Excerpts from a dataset

* * * *

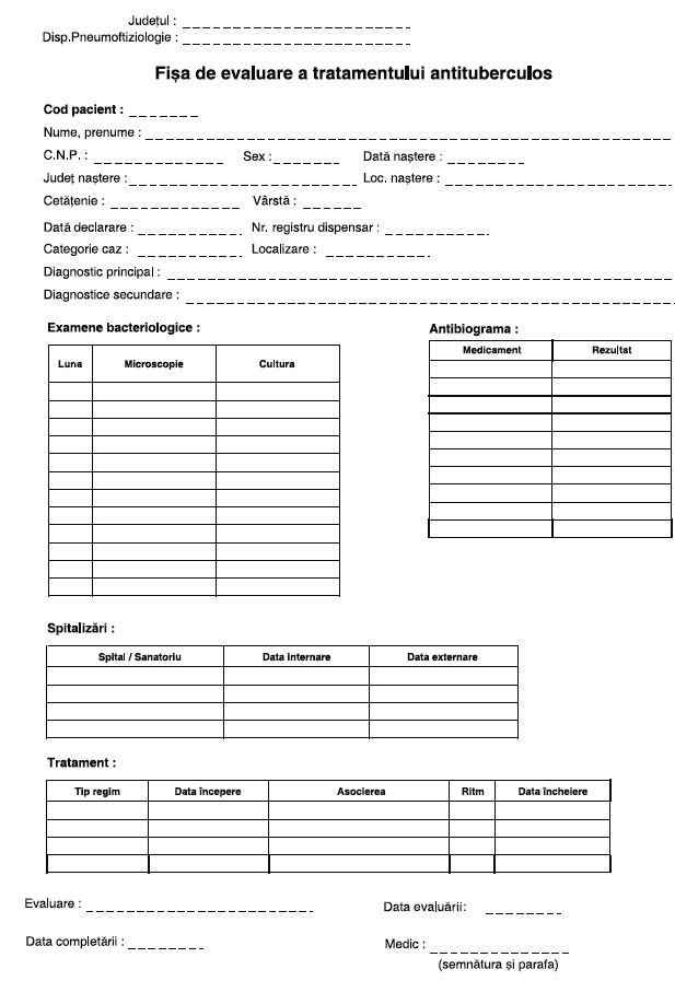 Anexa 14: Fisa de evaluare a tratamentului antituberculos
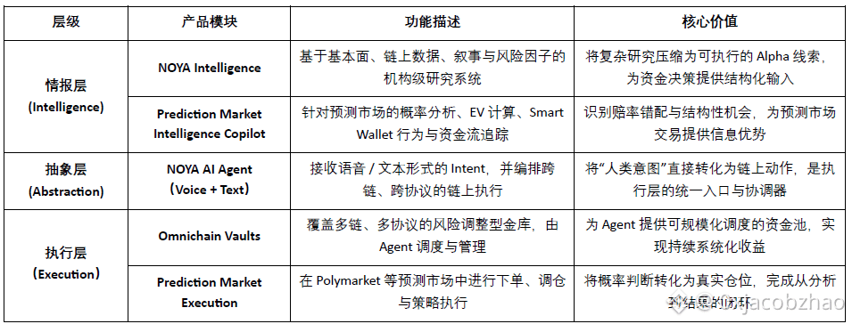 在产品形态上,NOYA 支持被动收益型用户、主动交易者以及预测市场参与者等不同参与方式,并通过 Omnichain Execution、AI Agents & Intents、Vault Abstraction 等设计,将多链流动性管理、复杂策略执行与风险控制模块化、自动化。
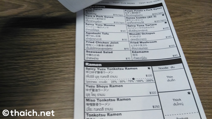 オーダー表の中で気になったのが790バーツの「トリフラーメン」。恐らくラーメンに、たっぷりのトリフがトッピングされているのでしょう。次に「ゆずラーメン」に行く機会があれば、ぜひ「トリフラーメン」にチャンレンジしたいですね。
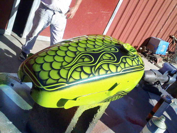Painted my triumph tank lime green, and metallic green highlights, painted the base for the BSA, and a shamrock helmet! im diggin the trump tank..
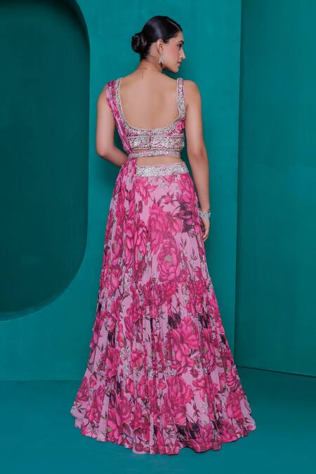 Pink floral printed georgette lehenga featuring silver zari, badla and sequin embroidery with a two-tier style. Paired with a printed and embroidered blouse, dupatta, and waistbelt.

* * * *

What you write must match, line for line, the records from the line containing "Painted my triumph" through the last line, with every picture left out.

Painted my triumph tank lime green, and metallic green highlights, painted the base for the BSA, and a shamrock helmet! im diggin the trump tank..
 Pink floral printed georgette lehenga featuring silver zari, badla and sequin embroidery with a two-tier style. Paired with a printed and embroidered blouse, dupatta, and waistbelt.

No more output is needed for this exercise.